OpenGL renderer: Apple M1 Pro.
OpenGL vendor: Apple.
OpenGL max texture size: 16384.
Server raspberrypi (192.168.209.105): v6.0.1.39873
Nx AI Manager Version: 4.3.10
Plugin version: 4.3.10 ONNX-HailoRT
Platform: linux_arm64 debian 12

Reproduction Scenario

Train YOLOv10 object detection model. As we are in our POC stage, we exported a YOLOv10 model directly using the CLI command in this repo.

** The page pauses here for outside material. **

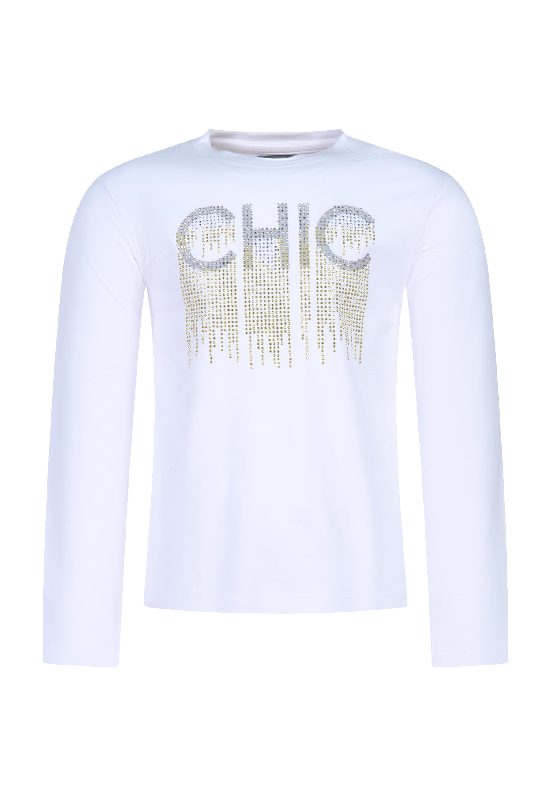 CAMISETA DE ALGODÓN CON CUELLO REDONDO Y MANGA LARGA CON APLICACIÓN GRÁFICO DE PEdrerías
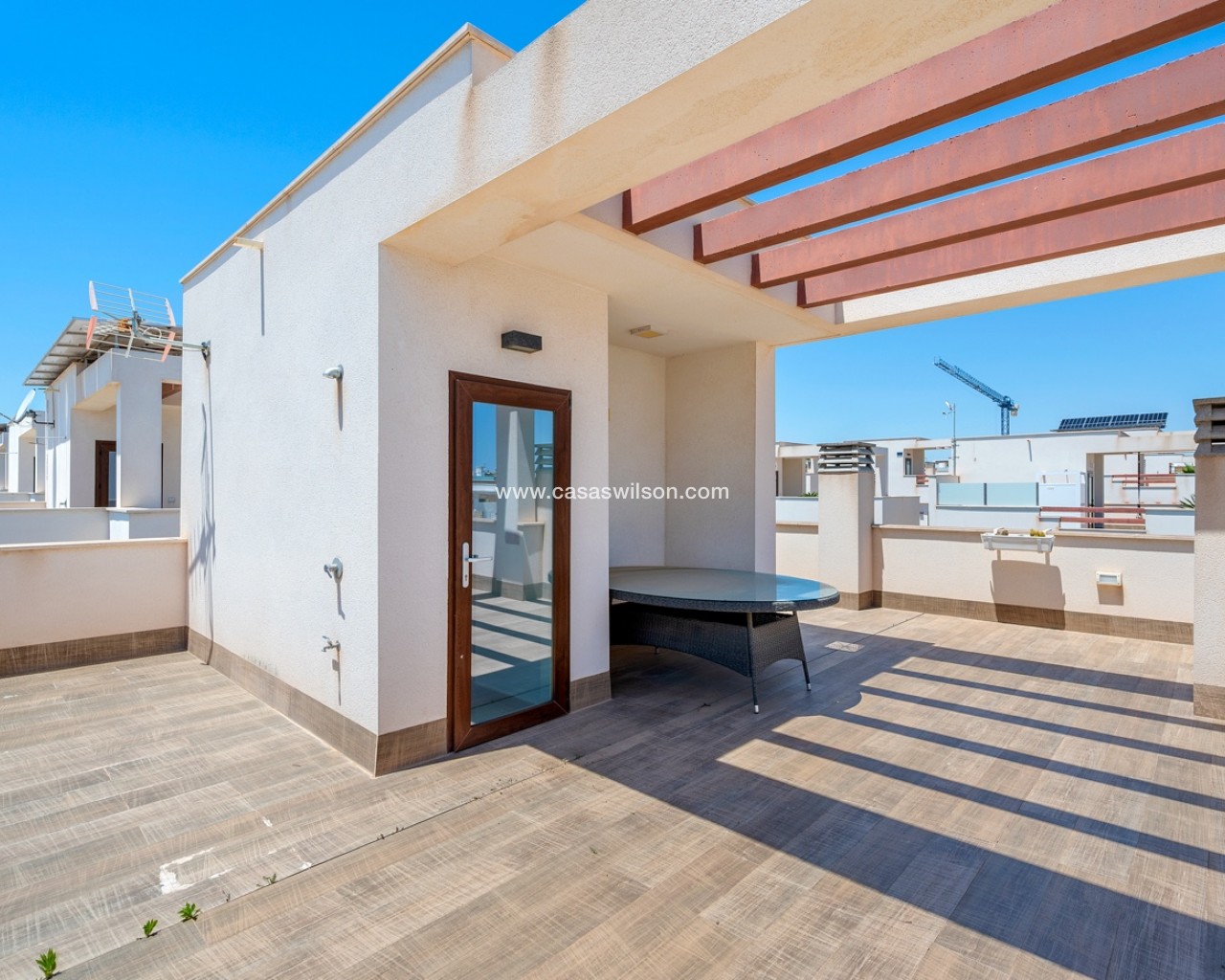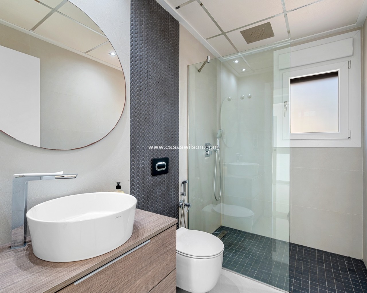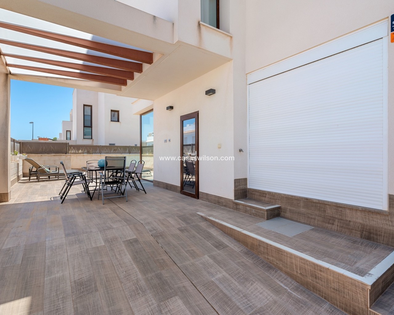 Gelegen in een rustige woonwijk van Ciudad Quesada biedt deze woning, gebouwd in 2018, een functionele indeling en goed benutbare binnen- en buitenruimtes. De woning heeft een bebouwde oppervlakte van 101 m² op een perceel van 184 m², met drie slaapkamers, drie badkamers, een kelder en een dakterras. De begane grond beschikt over een woonkamer, eetruimte en een open keuken met een centraal kookeiland. Op dit niveau bevindt zich ook een slaapkamer met ingebouwde kast, een complete badkamer, een wasruimte en directe toegang tot de tuin en het privézwembad. Op de bovenverdieping zijn nog twee slaapkamers. De hoofdslaapkamer heeft een en-suite badkamer en toegang tot een privéterras. De tweede slaapkamer ligt naast een andere complete badkamer. Een hal verbindt beide kamers. De kelder wordt momenteel gebruikt als recreatieruimte met een biljartgedeelte en biedt extra ruimte voor diverse doeleinden. Het privé dakterras beschikt over een volledig geïnstalleerde en functionele buitenkeuken met directe toegang vanuit het huis, waardoor het een comfortabele ruimte is voor gebruik het hele jaar door. Buiten beschikt de woning over een privézwembad van 3,30 x 6,50 meter, een tuin met kunstgras en een privéparkeerplaats op het perceel. Als hoekwoning geniet het huis van meer natuurlijk licht en meer onafhankelijkheid ten opzichte van aangrenzende woningen. De woning wordt volledig gemeubileerd verkocht en is uitgerust met airconditioning, ingebouwde kasten, automatische rolluiken, horren, een beveiligingssysteem en een volledig uitgeruste keuken. Ze is geschikt als permanente woning of als vakantieverblijf, en ligt dicht bij voorzieningen en hoofdverkeersroutes.

Then, we updated the complete_onnx.py script to add the classes your model is trained on.
Enable the Nx AI Manager plugin and upload the model to the Nx AI plugin admin server management.
Assign the model to our camera

Actual Behavior

No object detection bounding boxes appear around cars in the camera feed.
Logs show "Warning: Routing to a model that does not exist" errors.
When using the same model with the Nx CPU runtime (not Hailo), alerts appear in the right pane but no bounding boxes are drawn.

Expected Behavior

Bounding boxes should appear around detected cars, similar to what we observe when using the Nx Demo model "80-Classes Object Detector [640x640]" with the same Hailo runtime.

Additional Information

When we ran the YOLOv10 model on the Nx CPU runtime, the alerts were coming through on the right pane, but no bounding boxes were drawn. However, we must develop our system on the Hailo Runtime.
Here is the logging information from the Raspberry Pi with the Hailo runtime and our custom YOLO model

twisthink@raspberrypi:~ $ tail /opt/networkoptix-metavms/mediaserver/bin/plugins/nxai_plugin/nxai_manager/etc/sclblmod_start.log  -n 10
MODULE: 1740602649831 000000029: Warning: Routing to a model that does not exist.
MODULE: 1740602649831 000000006: Input object released
MODULE: 1740602649831 000000002: Notice: Sclbl module start inference.
MODULE: 1740602649831 000000002: Informational: Checking for input message.
MODULE: 1740602649831 000000002: Informational: Waiting for input message.
MODULE: 1740602649890 000058065: Informational: Input received 0.
MODULE: 1740602649890 000000102: Warning: Routing to a model that does not exist.
MODULE: 1740602649890 000000022: Input object released
MODULE: 1740602649890 000000004: Notice: Sclbl module start inference.
MODULE: 1740602649890 000000003: Informational: Checking for input message.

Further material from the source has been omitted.